GPTQ

1. Paper¶

Frantar et al., 2022 - "GPTQ: Accurate Post-Training Quantization for Generative Pre-trained Transformers"

2. Core Idea¶

Quantize weights one-by-one while compensating errors in remaining weights using second-order information (Hessian).

3. Algorithm (Simplified)¶

# For each layer's weight matrix W
H = 2 * X^T @ X / n_samples  # Hessian (input correlations)

for i in range(n_columns):
    # Quantize column i
    w_q = quantize(W[:, i])
    error = W[:, i] - w_q

    # Distribute error to remaining columns using Hessian
    W[:, i+1:] -= error * H[i, i+1:] / H[i, i]

    W[:, i] = w_q

4. Key Innovation: Optimal Brain Quantization (OBQ)¶

Uses second-order Taylor expansion to minimize quantization loss
Iteratively quantizes weights in order that minimizes Hessian-weighted error
Compensates each quantization error before next step

Lazy Batch Updates (Efficiency)¶

Don't update all weights individually
Process in blocks of 128 columns
Dramatic speedup with minimal quality loss

Specifications¶

Calibration: 128 samples typical
Time: 3-4 hours for 175B model on single GPU
Group Size: 128 (default), lower for better quality
Bits: Designed for 3-4 bit, works for INT8 too

Accuracy¶

Model	Bits	Group Size	Perplexity Δ
LLaMA-7B	4	128	+0.2
LLaMA-13B	3	128	+0.9
OPT-175B	4	128	+0.1

vs. Round-To-Nearest (RTN)¶

RTN: Fast, 5-10% degradation at 4-bit
GPTQ: Slow quantization, <2% degradation at 4-bit

Implementation¶

# AutoGPTQ library
from auto_gptq import AutoGPTQForCausalLM

model = AutoGPTQForCausalLM.from_pretrained(
    "model_name",
    quantize_config={
        "bits": 4,
        "group_size": 128,
        "desc_act": False  # Activation ordering
    }
)

Common Interview Questions¶

Q1: Why does GPTQ outperform naive quantization?
A: It compensates each quantization error by adjusting remaining weights based on input correlations (Hessian), preventing error accumulation.

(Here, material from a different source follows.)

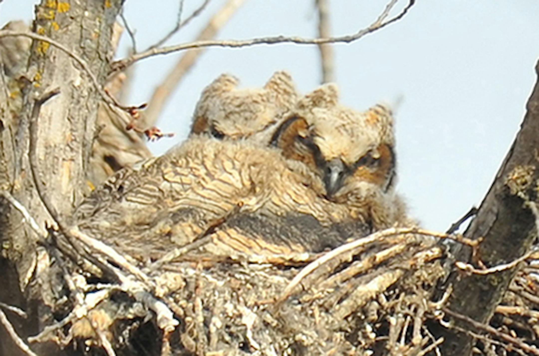 The Great Horned Owl chicks in the nest near our Orono home are growing up. They've lost the chick fuzz. I don't know the date of hatching, but from the looks of them they could begin climbing around their tree in a couple of weeks. They move in and out of the nest before they fly.

Q2: What's the computational complexity?
A: O(n²) in weight dimensions due to Hessian computation and updates. Lazy batching reduces this to O(n²/b) where b = block size.

Q3: Why use Hessian instead of just gradient?
A: Second-order information captures weight interactions. First-order (gradient) only gives local slope, not curvature of loss landscape.

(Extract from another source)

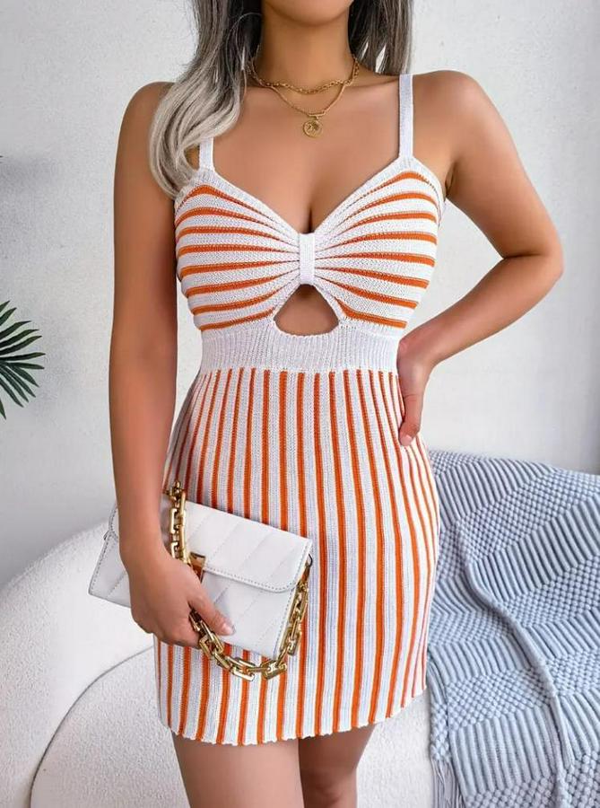 Kolsuz Askılı Pencere Detay Şerit Desen Mini Triko Elbise

Q4: What's "desc_act" in GPTQ?
A: Reorders activation channels by importance before quantization. Helps but adds complexity; often disabled for speed.

Q5: Can GPTQ quantize activations?
A: No, GPTQ is weight-only. Activations typically stay FP16 or use runtime INT8 quantization.

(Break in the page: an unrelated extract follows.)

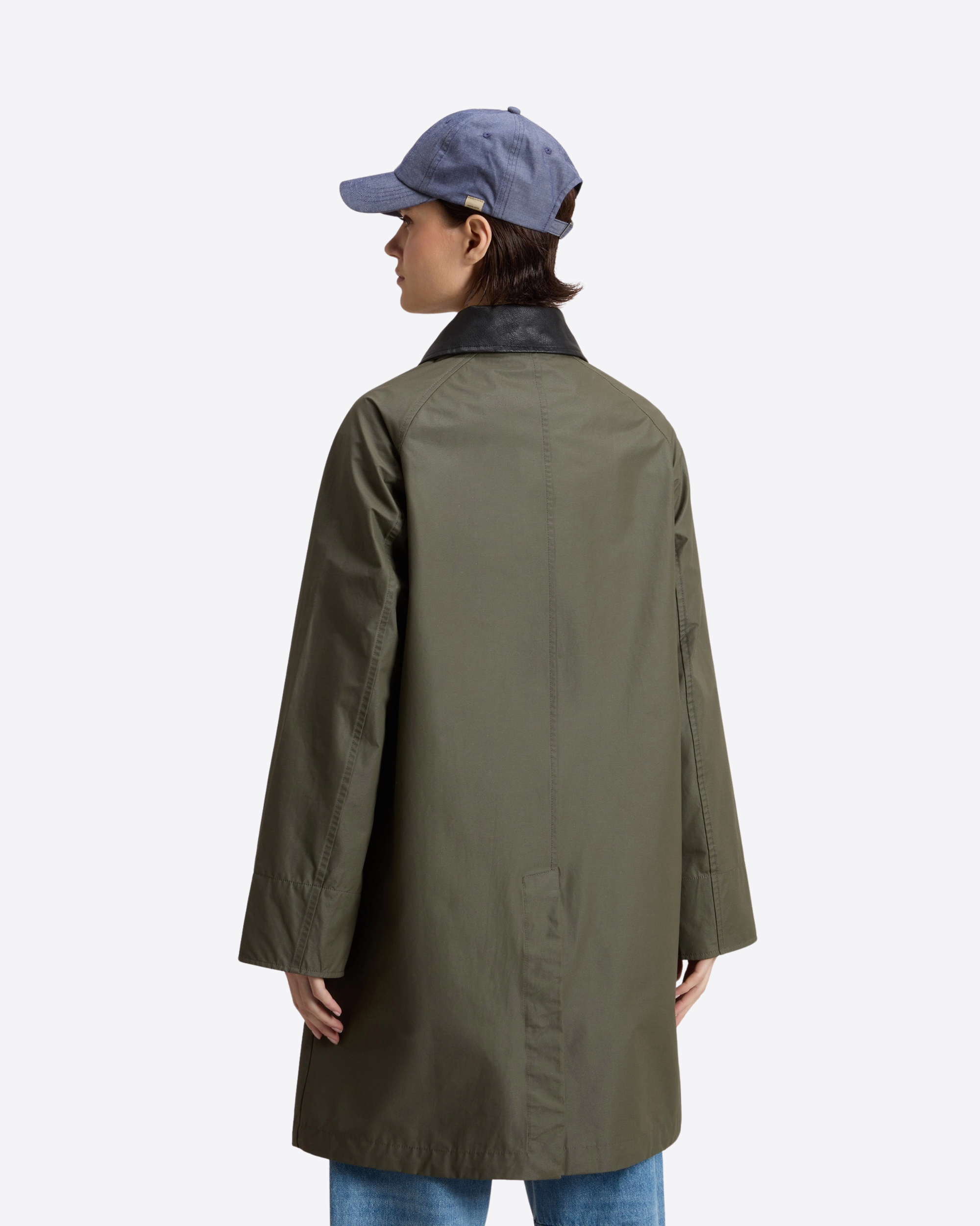 Realizzato in tessuto Superwax di misto cotone, è idrorepellente e antivento per garantire protezione nelle giornate più variabili. Il design presenta colletto a camicia in similpelle, chiusura frontale con bottoni e polsini interni in similpelle per un tocco distintivo.

Q6: GPTQ vs. AWQ - when to use which?
A: GPTQ: Better for extreme compression (3-bit). AWQ: Faster quantization, better at 4-bit, protects important weights rather than compensating errors.

Q7: Why is calibration data needed?
A: To compute Hessian (H = X^T X), which captures input statistics. Need representative samples to estimate weight importance accurately.